I think a dog would
make me feel less
alone when I’m alone.
am I saying it completely
correct, am I complaining?
it starts with one move
I need to make, but
I don’t feel comfortable
saying I know what that is.
we feel the same, we speak
of it similarly when we’re
I’m getting my wisdom teeth
pulled and it will be okay
because everyone says so
and I am not different.
I have nothing I
enjoy to enjoy.
I have forgotten how
to dress myself and this isn’t
so important but I think of it
and wish it were easier.
I would love to move somewhere else.
I’m not a mother
the way I want to be
I don’t know how to be.
as much as I want out,
having it as an option
in front of me
made me want to cry.
make sure I write about
how every day feels the same.
I think I caught the
scent of summer on the
stairs of my apartment
it nearly killed me.
small, so small it’s someones everything, it is the supreme.
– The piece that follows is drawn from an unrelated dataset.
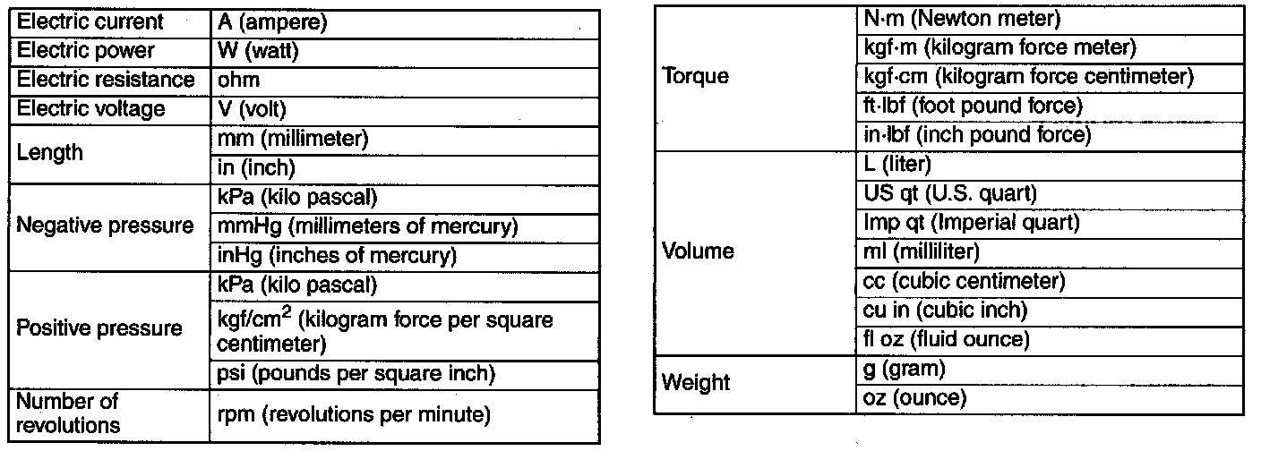 - All numerical values in this manual are based on SI units. Numbers shown in conventional units are converted from these values.

it is the shock – wasn’t this bigger? didn’t other people know
about this before? and now it’s a plant in the office, a nerve
on the top of the foot, a blotch on the skin that can take a
life away. a permanent, bolted down memory box in the
attic, the only thing you would try to take in case of a fire,
fingers gripping for it to be inside. intestines move over in a
square shape to take on the pregnancy of the absolutely small-
est of things. the only reason I want me. the only everything mine.
the wind told me not to taste so good
so the crickets won’t come.
the sun told me not to look so sick
don’t say you have no one.
the bug whispered you’re not what I’m after.
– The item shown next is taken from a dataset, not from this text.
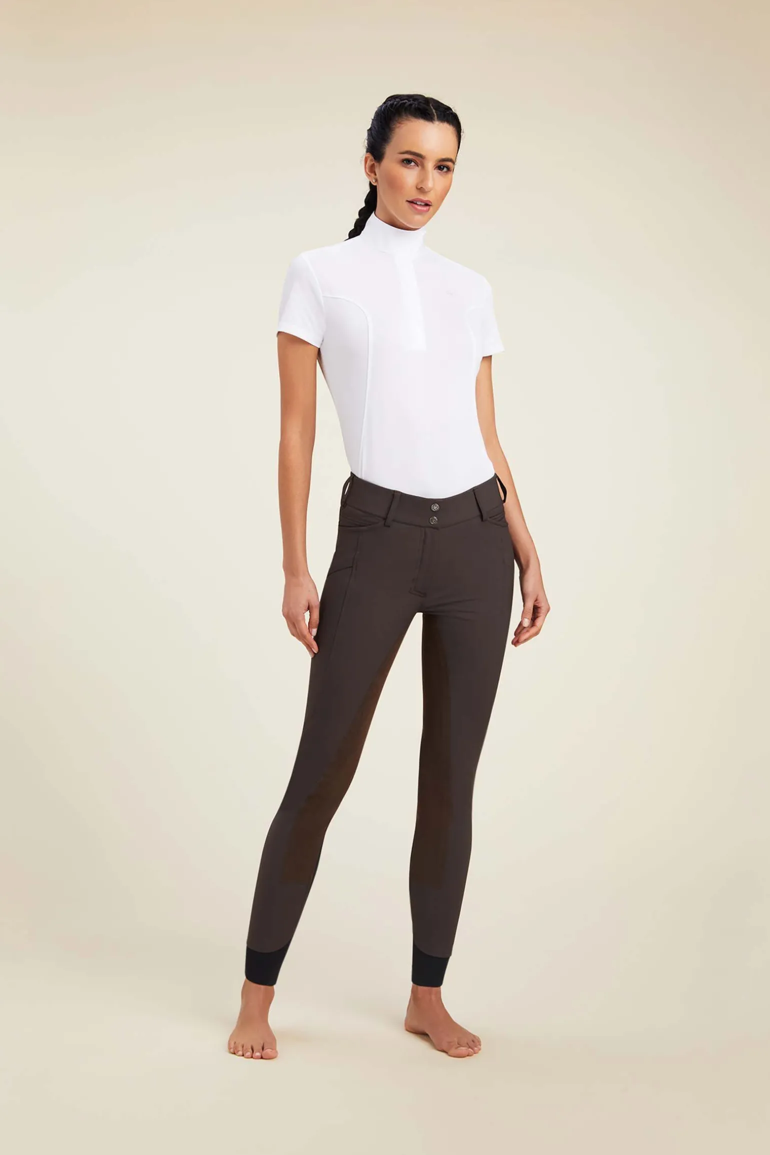 Denne hverdagsridebuksen er laget av førsteklasses ytelsesstoff med fireveis stretch for mobilitet, ultraslitesterk dobbelvevet twill og en infusjon av kompresjonsteknologi som gir eksepsjonell støtte fra legg til midje.Et helforsterket sete i uekte semsket skinn tar seg bra ut på disse klassiske, tradisjonelle ridebuksene.

& bird told me it’s willing to fight every day.
the train beyond told me its okay to scream.
& cloud told me to take a deep breath
the wind carried me deep into the oil of the ground.
& I traced my fingers over who I had always been.
a puff of air on a neck, a bone in flight,
a wavelength in the distance.
crawling, frightened of the starving,
moving on the crests of electricity.
to be here right now – sweet & pale.
to swat away that bug – a piece of my soul.